Okay, first of all let's remember the definition of the quotient group. The quotient group consists of all cosets of H in G, with the group operation (aH)(bH) = (ab)H.
In this example, first we have to find H. Well, the element (0,1) has order 2, and so H will have two elements (the other one is the identity), in other words H = {(0,0), (0,1)}.
The definition above, coupled with the enumeration of G which you give, shows that:
(Long form):
G/H = {(0,0)H, (0,1)H, (1,0)H, (1,1)H, (2,0)H, (2,1)H, (3,0)H, (3,1)H}
However some of these cosets are actually equal. To work this out, we use the following result: xH = yH if and only if x is an element of yH.
So, here goes:
(0,0)H = H = {(0,0), (0,1)} = (0,1)H (since (0,1) is an element of (0,0)H)
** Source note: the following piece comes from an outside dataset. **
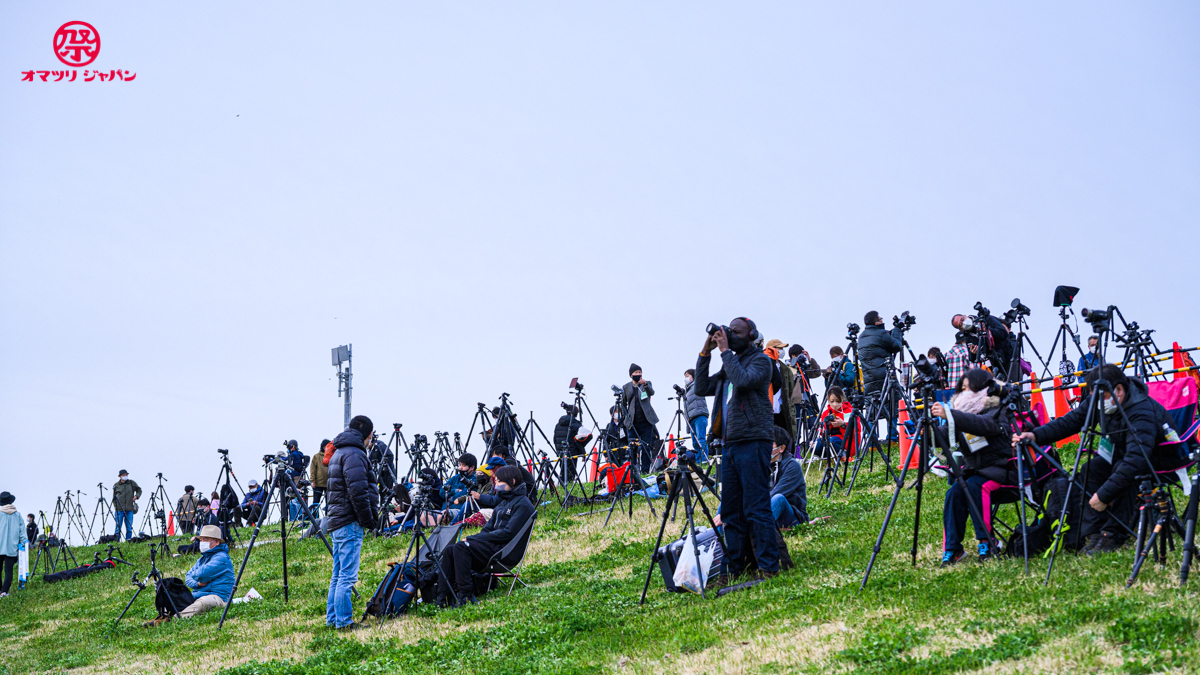 日没前にも関わらず、堤防斜面に設けられたカメラマンエリアは今か今かと花火打ち上げを待ち侘びるフォトグラファーやビデオグラファーたちで大盛況。

and similarly for the others:
(1,0)H = {(1,0)(0,0), (1,0)(0,1)} = {(1,0), (1,1)} = (1,1)H
(2,0)H = {(2,0)(0,0), (2,0)(0,1)} = {(2,0), (2,1)} = (2,1)H
(3,0)H = {(3,0)(0,0), (3,0)(0,1)} = {(3,0), (3,1)} = (3,1)H
Obviously if we had a much larger group then we could prove the pattern shown above as a general theorem, but it is not really worth it here.
Now, when we list the elements of G/H, we only need to take a representative for each coset as the coset leader. For example, we could just take all of the elements at the left-hand sides of the equations above.
So in summary:
G/H = {(0,0)H, (1,0)H, (2,0)H, (3,0)H} with the operation (aH)(bH) = (ab)H.